Antioxidant activity of ginseng cultivated under mountainous forest with different growing years

Hong-Yan Pan,Yang Qu,Jian-Kui Zhang,Ting-Guo Kang,De-Qiang Dou 고려인삼학회 2013 Journal of Ginseng Research Vol.37 No.3

Ginseng cultivated and grown naturally under mountainous forest is formally called “Lin-Xia-Shan-Shen” (LXSS) and grown in manual condition is called garden ginseng (GG) according to Chinese pharmacopoeia (2010 edition). Usually the growing condition of LXSS is similar to wild ginseng and mostly used in Chinese folks in ancient times. The antioxidant properties of LXSS with different growing years were evaluated by their inhibitions of thiobarbituric acid-reactive substance (TBA-RS) formation in liver homogenate and 2, 2-diphenyl-1-picrylhydrazyl (DPPH)-radical scavenging activity comparing with those of GG. The inhibitions of different polar extracts (n-butanol and water) of LXSS and GG on TBA-RS formation were also evaluated. The results showed that the antioxidant effects of LXSS were higher than those of GG and the TBARS formation inhibition of LXSS with longer growing years were stronger than those with shorter growing years, while the DPPH-radical scavenging activity of LXSS did not show significant difference with the change of the growing year.

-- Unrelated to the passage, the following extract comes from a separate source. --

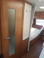 Rozkládací sezení ve tvaru U (240 x 147 cm), dvě oddělené postele 200 x 88 cm (možnost dokoupení roštu pro vytvoření velkého letiště), kuchyň, WC s umyvadlem

The results indicated that the inhibitory effect of TBA-RS formation and the DPPH-radical scavenging of LXSS were correlated with the contents of ginsenosides. In adddition, the starch contents of LXSS and GG were determined by micro-amount method with spectrophotometer. It showed that the starch content in GG was higher than that of LXSS whose starch decreased gradually with the growing year.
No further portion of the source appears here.